Background: In the lymphocyte migration across the blood-brain barrier (BBB) in multiple sclerosis (MS), matrix metalloproteinases (MMPs) play an important role in the degradation of the basal membrane. Natalizumab (NAT), a monoclonal antibody, binds to the alpha-4 (α4) integrin leading to BBB impermeability. Approximately 30% of NAT-treated patients show clinical or MRI signs of BBB disruption. Objective: To determine whether NAT significantly influences the MMPs serum levels and to what extent these could be used as biomarkers in relapsing-remitting MS (RRMS) patients. Materials and Methods: This prospective study over a period of 8 months of NAT treatment, included 30 RRMS patients (mean age 38 ± 6 years; mean MS duration 12 ± 5 years), of which ten were initially naive to NAT and 15 were healthy controls. We determined the serum levels of the MMPs Panel (MMP1, MMP2, MMP3, MMP7, MMP8, MMP9, MMP10, MMP12, and MMP13) quantified by a multiplex method at the beginning and end of the study.

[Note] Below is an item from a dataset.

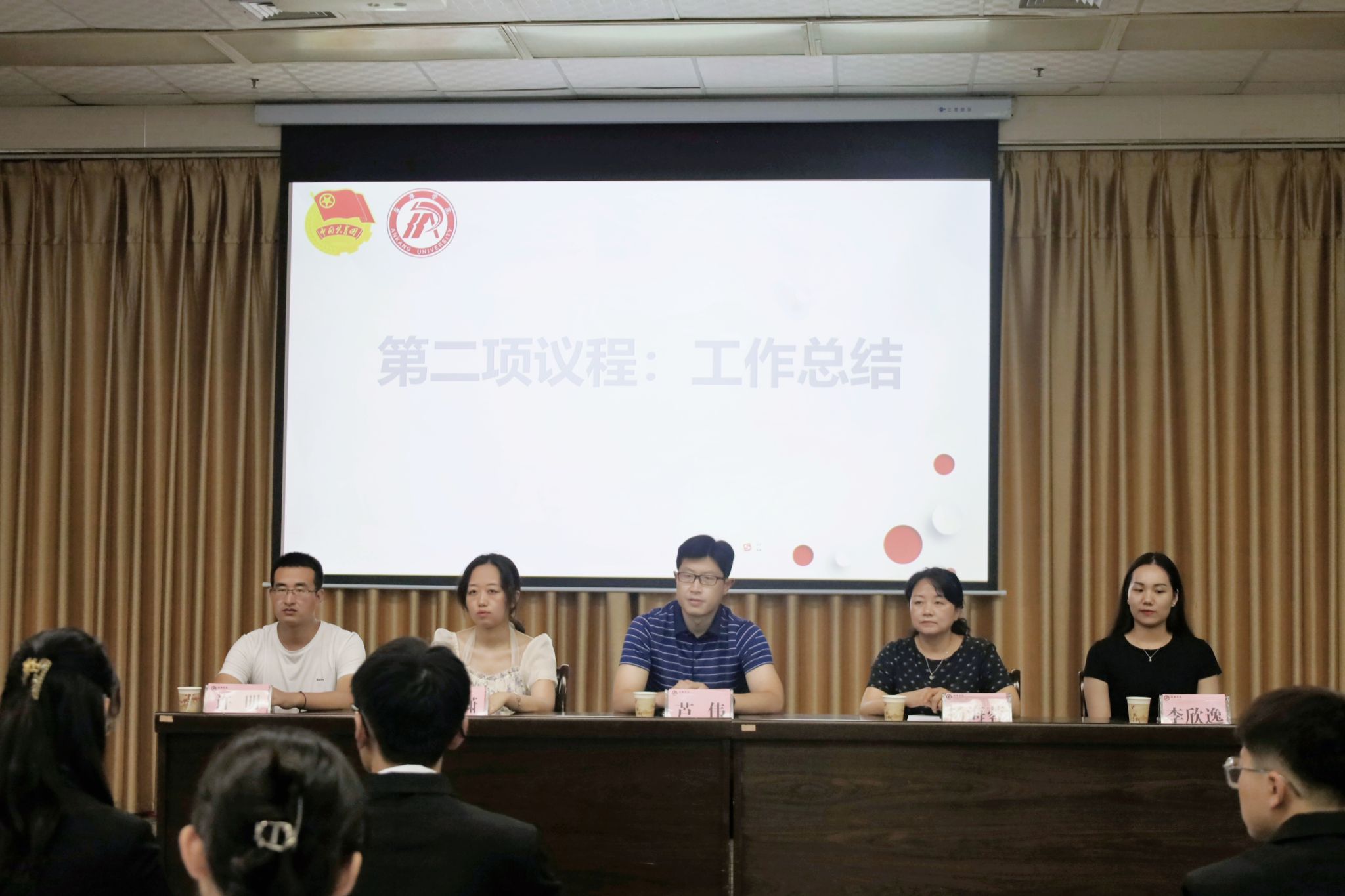 用青春拥抱时代,用生命点燃未来,大会在激情澎湃的歌声中拉开帷幕。第十七届团总支副书记胡钰梽和员工分会执行主席唐磊就上一年工作向大会做总结汇报,对支持员工分会、团总支工作老师和同学表示衷心感谢,并对新一届员工干部的工作给予殷殷期望。

Results: After 8 months of NAT treatment, a statistically significant decrease was found in MMP9, MMP2, MMP3, MMP8, and MMP10 levels. Relapses during the study were correlated with a variation of MMP12 and MMP13 serum levels. MMP9 had the most numerous correlations with the EDSS score, Rio score, and duration of NAT treatment. MMPs signature (the sum of all MMPs) and the MMP9/MMP2 ratio significantly decreased during the study. Conclusion: 1. The serum level of MMP9 significantly decreased by NAT treatment and correlates with MS activity; 2. After eight months of NAT treatment, the MMPs signature and the MMP9/MMP2 ratio decreased; 3. MMP9 might be used as a biomarker in MS patients treated with NAT.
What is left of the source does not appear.